Was muss eine Weinkönigin mitbringen?
Mit ihrer Wahl bleibt es in Franken bei einer weiblichen Weinhoheit. Erstmals in der Geschichte des Wettbewerbs hatte sich auch ein Mann um das Amt beworben. Maximilian Lang, 23 Jahre alt und Weinprinz aus Hüttenheim im Landkreis Kitzingen, arbeitet in einem Weingut in Iphofen und trat als erster männlicher Kandidat an. Insgesamt stellten sich drei Frauen und ein Mann der Wahl.
Die Kandidatinnen und der Kandidat mussten sich vor einer rund 130-köpfigen Jury aus Politik, Gesellschaft, Wirtschaft, der Weinbranche und den Medien beweisen. Neben Fachwissen rund um den Weinbau kam es vor allem auf Persönlichkeit, Auftreten und Spontaneität an.
"Weinprinzessin war mein Kindheitstraum"
Angelina Seiler studiert "Digitale Gesellschaft" an der Technischen Hochschule Würzburg-Schweinfurt. Dieses Studium bereite sie gut auf das Amt vor, sagte sie selbstbewusst während der Wahl. Ihr Fachwissen über Wein hat sich die Studentin erst in den vergangenen Monaten intensiv angeeignet. Bis Ende Februar war sie Weinprinzessin in ihrem Heimatort Stammheim. "Weinprinzessin war mein Kindheitstraum – Weinkönigin ist jetzt mein Erwachsenen-Traum", erklärte sie.

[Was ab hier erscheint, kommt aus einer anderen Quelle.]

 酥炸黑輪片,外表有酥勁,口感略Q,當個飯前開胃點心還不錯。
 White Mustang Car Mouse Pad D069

Mit der Krönung übernimmt Seiler das Amt von Antonia Krais. Seit 1950 gibt es in Franken eine Weinkönigin. Die Rolle hat sich in den vergangenen Jahrzehnten stark verändert: Heute ist die Weinkönigin vor allem Botschafterin des Frankenweins – mit einem vollen Terminkalender. Sie repräsentiert die fränkische Weinregion bei Veranstaltungen im In- und Ausland, besucht Weinfeste und vertritt die Interessen der Winzer.

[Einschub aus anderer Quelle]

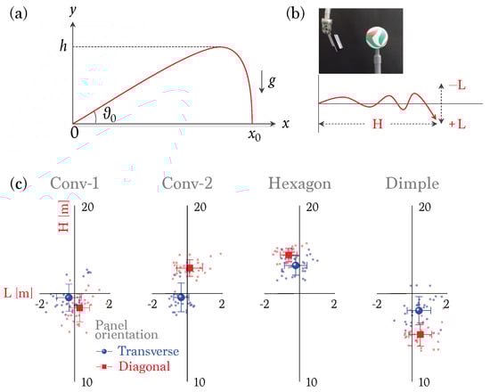 Flight characteristics of volleyballs. (a) An illustration for flight trajectory. (b) Lateral (L) and horizontal (H) flight distances were measured from the landing position experiment using a hitting robot. (c) All data of lateral and horizontal distances are summarized. Each panel with equidistant intervals is depicted at the same range of m (lateral) and from 10 to 20 m (horizontal). Blue and red represents transverse and diagonal directions, respectively. Big circles and squares are the average values with error bars taken from the standard deviations.
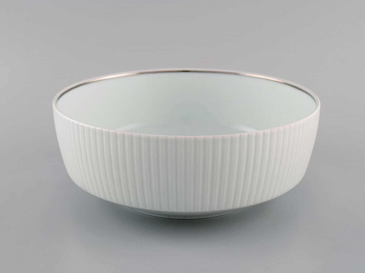 Tapio Wirkkala for Rosenthal. Sjælden Modulation skål i riflet porcelæn. Platinum Detail. Klassisk og tidsløst design. 1960'erne.
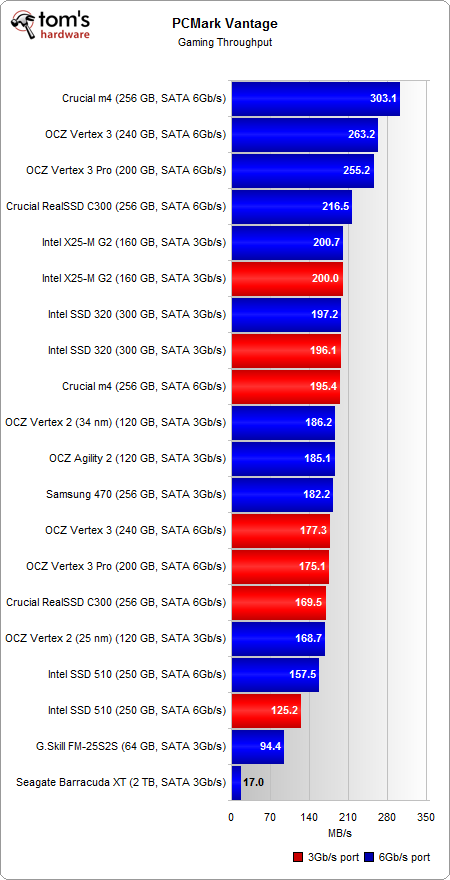 Die Seagate Barracuda XT (HDD) ist also knapp 18mal langsamer als eine m4 256GB beim Gamingthroughput, also Ladezeiten?
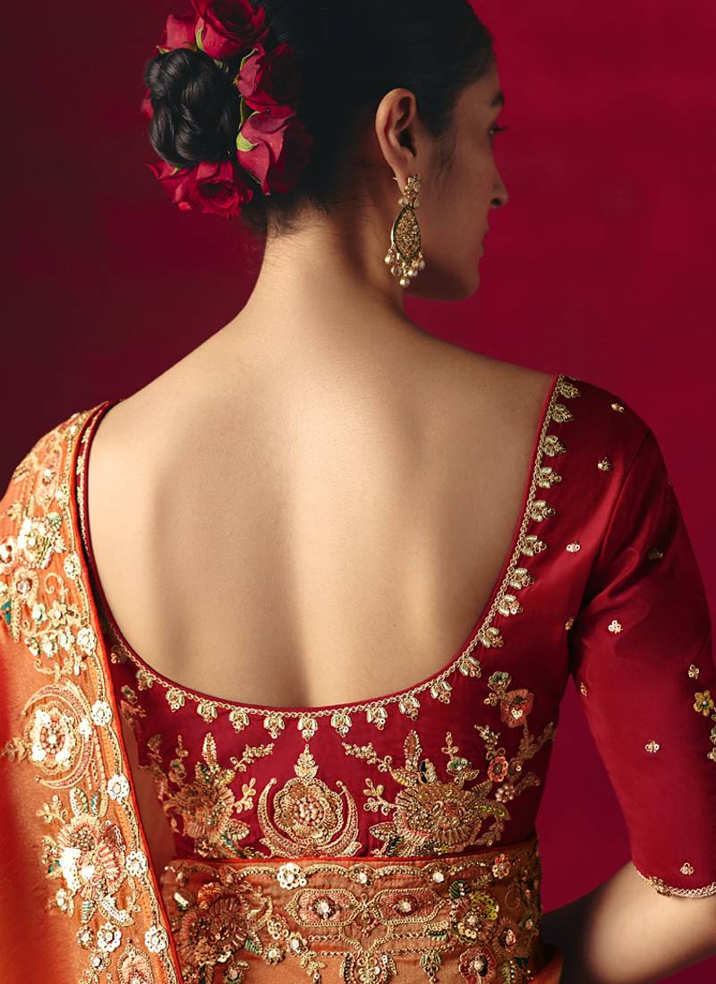 | Product Name | Orange Fancy Saree With Sequins Dhaga & Thread Embroidered Butti And Designer Blouse | |

Wein als Wirtschaftsfaktor
Der Wein ist für Franken nicht nur Tradition, sondern auch ein bedeutender Wirtschaftsfaktor. Besonders der Weintourismus spielt eine wichtige Rolle für die Region. Von ihm profitieren nicht nur die Winzerinnen und Winzer in den Weinorten. Auch Gastronomie, Dienstleistungen, Handel und sogar das Baugewerbe ziehen Nutzen aus der Wertschöpfung rund um den Wein. Insgesamt hängen rund 65.000 Arbeitsplätze in Franken direkt oder indirekt vom Weintourismus ab.

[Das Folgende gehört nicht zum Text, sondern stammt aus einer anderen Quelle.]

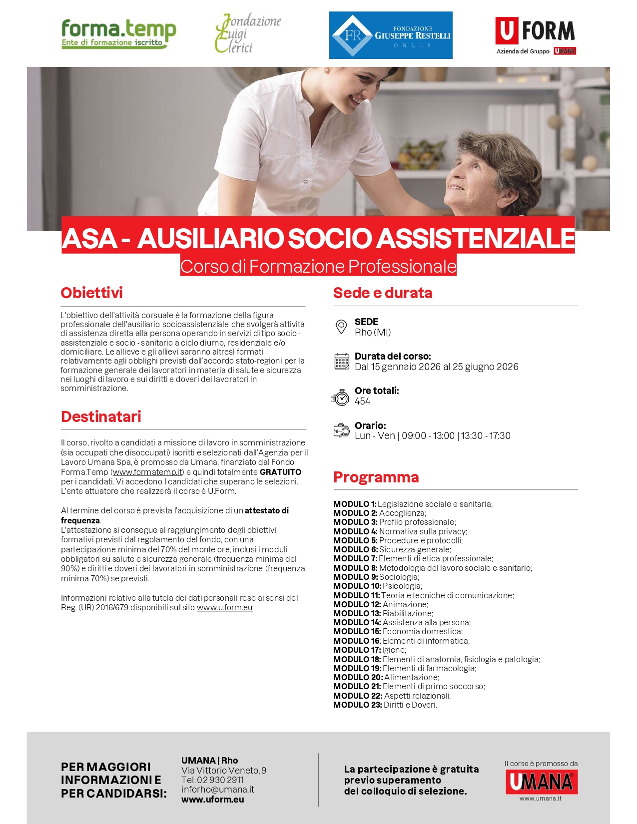 Presso la Fondazione Giuseppe Restelli Onlus di Rho (MI) prenderà avvio il corso gratuito per diventare ASA – Ausiliario Socio Assistenziale, promosso da U.Form Milano, finanziato dal fondo Forma.Temp e realizzato in collaborazione con UMANA Spa.

Als neue Weinkönigin wird Angelina Seiler in den kommenden Monaten genau diese Bedeutung des Frankenweins nach außen tragen – und dabei ihre eigene Begeisterung für das Thema weitergeben. Für sie beginnt damit ein Jahr voller Termine, Begegnungen und Reisen. Und ein Traum, der für die 21-Jährige nun Wirklichkeit geworden ist.